C’est bien possible. J’ai un compte gratuit (sans abonnement à Canal +), qui me permet de voir en Replay les programmes en clair de la chaîne.


----------



## thepretender57 (26 Septembre 2017)

Himeji a dit:


> Molotov c’est du HD même dans la version gratuite (après, pour celle-ci ça dépend du débit).


 molotov c'est du 720P  encore un petit effort , le 1080 est prévu mais aucune date


----------



## thepretender57 (26 Septembre 2017)

Himeji a dit:


> J’ai téléchargé l’Application My Canal sur mon iPad. Avec cette application j’ai bien accès aux programmes des chaînes de la TNT. Par contre, avec celle pour Apple TV, je ne les ai pas.

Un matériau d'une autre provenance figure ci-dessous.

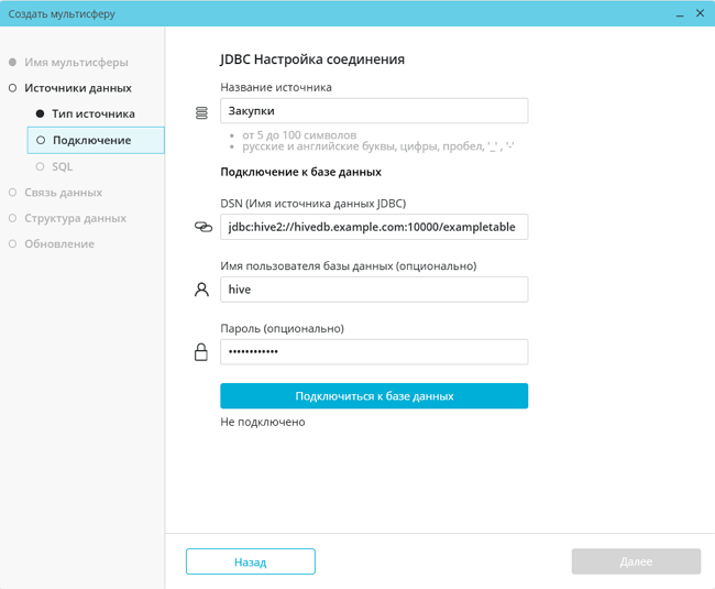 Polymatica Analytics поддерживает подключение через JDBC-драйвер к следующим базам данных: Hive, PostgreSQL, MS SQL, Teradata, MySQL, ClickHouse, Firebird, РЕД База Данных, Platform V Pangolin SE.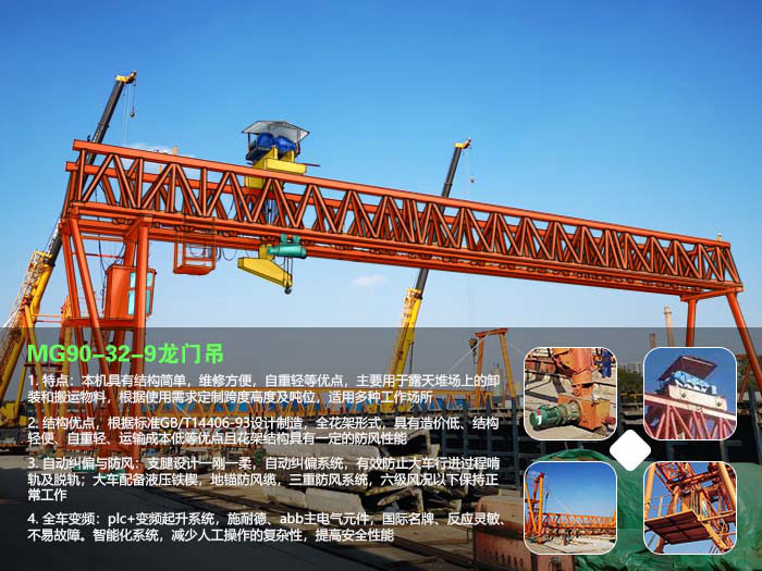 它由門架、大車走行機構、起升機構、吊具、爬梯欄桿、電氣系統及安全裝置等幾大部分組成。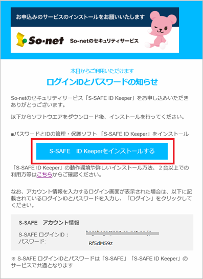 本サービス利用開始後にご登録いただいたメールアドレス宛に、safeavenue@f-secure.com より本サービスのインストールに関するご案内を記載したメールをお送りします。メール本文にある「S-SAFE ID Keeperをインストールする」をクリックしてください。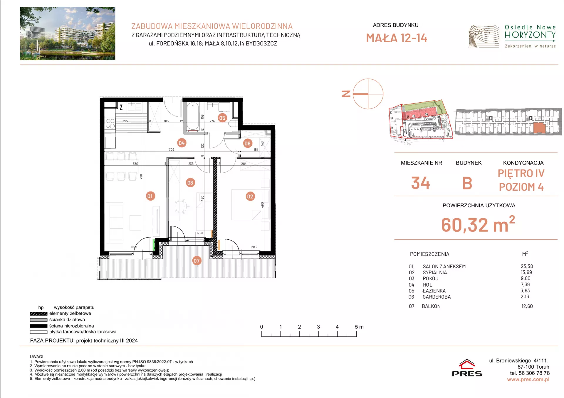 Udogodnienia: Nowe Horyzonty to innowacyjne rozwiązania m.in stacja zmiękczania wody, fotowoltaika na dachach zasilająca części wspólne, ekologiczne i automatyczne wykorzystanie wody deszczowej do podlewania, ograniczenie ruchu samochodowego na terenie osiedla (ok. 90% samochodów w halach garażowych podziemnych), stanowisko zewnętrzne do ładowania samochodów elektrycznych oraz możliwość doprowadzenia do każdego stanowiska instalacji do ładowania samochodów. Biedronka po drugiej stronie ulicy 207m, szkoła podstawowa, żłobek, przedszkole, park przy Balatonie, Fabryka Tańca.. Planowane prywatne przedszkole na terenie osiedla. Wyróżnik inwestycji: Lokalizacja blisko zieleni wraz z bulwarem tuż przy rzece Brdzie. Dobra okazja inwestycyjna pod najem długo-, jak i krótkoterminowy. Przynależności: Wózkownie, komórki i schowki. Balkon w każdym mieszkaniu. Tarasy i ogródki. Siłownia na świeżym powietrzu, tężnia solankowa. Docelowo ma być boisko Orlik (koszykówka, piłka nożna).Altany wraz z grillem. Górka saneczkowa. Zielony tunel. Naturalny plac zabaw. Bezpieczeństwo: Drzwi antywłamaniowe o podwyższonej izolacji akustycznej. Wideodomofony, monitoring zewnętrzny i hali garażowej.. Wielkość Projektu: 3 budynki wielorodzinne 7-piętrowe. I etap 149 mieszkań. Komórki lokatorskie. Garaże: Na terenie inwestycji powstaną 32 naziemne i 78 podziemne miejsca postojowe. Komunikacja: W pobliżu projektu znajdują się bardzo blisko przystanki autobusowe i tramwajowe. Dworzec PKS 4km, PKP Bydgoszcz Główna 5,2km Odległość od Centrum: 3,4km (ok. 6min samochodem). Szczegóły: Wysokość pomieszczeń 2,65m. Standard deweloperski.

 c'est ce que je reproche un peu car l'application pour iPhone iPad les chaines de la tnt sont bien presente mais lorsqu'on passe par l'application sur l'apple tv il n'y a rien. Ce serait bien que l'application soit égale pour chaque appareil , çà éviterait de passer par airplay


----------



## Deleted member 18124 (26 Septembre 2017)

thepretender57 a dit:


> molotov c'est du 720P  encore un petit effort , le 1080 est prévu mais aucune date



https://www.molotov.tv/offers



> Accédez aux chaînes de la TNT en HD (selon la chaîne et le trafic internet), en live et en replay, et disposez de 10h de bookmarks pour enregistrer vos émissions favorites.


----------



## thepretender57 (26 Septembre 2017)

Himeji a dit:


> https://www.molotov.tv/offers



 je connais , 
HD............ 720P


----------



## David1er (26 Septembre 2017)

De toute façon 720 ou 1080 ça doit pas changer grand chose vu que l'apple tv 4K upscale tout en 4K HDR. Pas sur que le résultats soit top. Comme les vidéo youtube en 4K qu'apple ne veut pas utiliser - l'apple tv récupère alors le flux en hd et l'upscale en 4K. D'après ce que j’ai lu le résultat ne serait pas fameux.


----------



## thepretender57 (26 Septembre 2017)

raison de plus pour avoir au moins du 1080P dejà au départ et là franchement la qualité est au rdv . 
J'ai testé tous mes films avec infuse alors qu'avant je passais par un lecteur externe ( pop corn )  j'ai regardé mad max et franchement rien à dire la qualité est là . 
Apres c'est mon avis perso , mais ceux qui ont franchis le pas d'acheter cette apple TV 4K et qui lisent comme moi leur films en 1080 P  avec infuse ou autre dites moi ce que vous pensez de la qualité ?


----------



## Daffy44 (28 Septembre 2017)

Perso je lis tout avec infuse et c’est top.
Regret sur Molotov et MyCANAL sur
Flux (sauf sur certaines chaînes en 1080 pour canal play)
En revanche pas de flux audio dts et|ou Dolby pour aucune des 2 app


----------



## thepretender57 (1 Octobre 2017)

idem , infuse est l'application indispensable à avoir pour son apple tv , au top . ET également d'accord pour le flux de molotov, le 720P fait mal au yeux  mais bon çà dépanne . Vivement qu'ils passent en 1080 , en attendant çà se regarde


----------



## David1er (1 Octobre 2017)

Franchement je préfère Plex qui marche ou sur tu sois et qui est mieux organisé


----------